Convert the same unit array into a character array:

`char(u1)`
```ans = 6×2 char array 'kg' 'km' 'g ' 'm ' 'lb' 'mm'```

### Computational Units

When a math operation, such as addition, requires a computational unit, the return unit is the operand unit whose conversion factor to the fundamental unit is the largest. For example:

`simscape.Value(2.2,'cm') + simscape.Value(2,'mm')`
```ans = 2.4000 : cm```

The fundamental unit for length is `m`. The conversion factor of `cm` into `m` is larger than that of `mm` into `m`, therefore, the return unit when adding `cm` and `mm` is `cm`.

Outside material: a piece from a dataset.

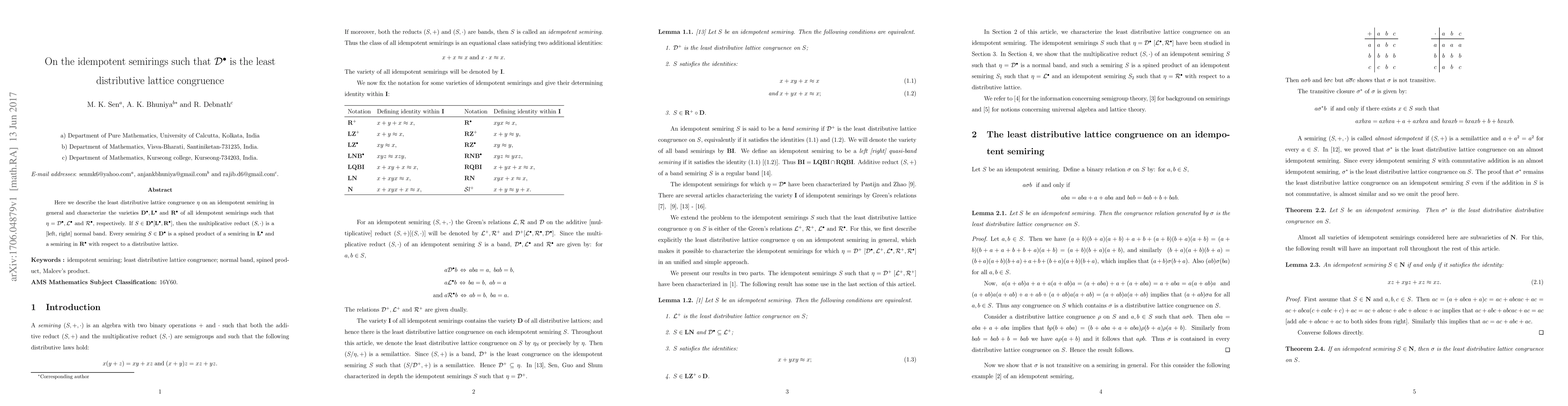 This paper explores the least distributive lattice congruence on idempotent semirings and characterizes specific varieties where this congruence matches certain structures. It also demonstrates that semirings in these varieties can be decomposed into spined products involving normal bands.
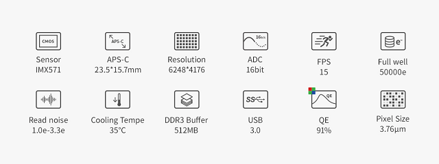 | 滿阱電荷數 | 50Ke~*73Ke(*滿阱擴展模式) |

Multiplication and division operations do not require a computational unit. These operations are performed by multiplying (dividing) the values and multiplying (dividing) the units. For example:

`simscape.Value(2.2,'N') * simscape.Value(2,'m')`
```ans = 4.4000 : N*m```

### Fractional and Rational Exponents

Fractional exponents are supported for `simscape.Value` objects. The numeric value is raised to the `double` power specified by the function and a rational approximation of the fractional exponent is applied to the units.

For `simscape.Unit` objects, exponents must be rational numbers. When computing unit powers, `simscape.Unit` uses the same rational fraction approximation as the MATLAB `rat` function.

### Operations with Affine Units

`simscape.Value` objects can have affine units. For more information, see About Affine Units.

The following operations are prohibited on values with affine unit:

• Forming compound units that include affine units.

• Basic array operations that require unit conversion.

• Implicit or explicit comparison to 0.

### Limitations

• Direct block parameterization is not supported, that is, you cannot use `simscape.Value` or `simscape.Unit` objects directly to specify block parameters. You can use these objects only during programmatic model construction.

For example, to programmatically set a block parameter based on a `simscape.Value` object:

```x = simscape.Value(V, U); set_param(block, 'x', mat2str(value(x))); set_param(block, 'x_unit', char(unit(x))); ```
• You cannot use `simscape.Value` or `simscape.Unit` objects to specify values with units or perform unit computations in Symbolic Math Toolbox™.

• MATLAB Coder™ does not support `simscape.Value` and `simscape.Unit` objects.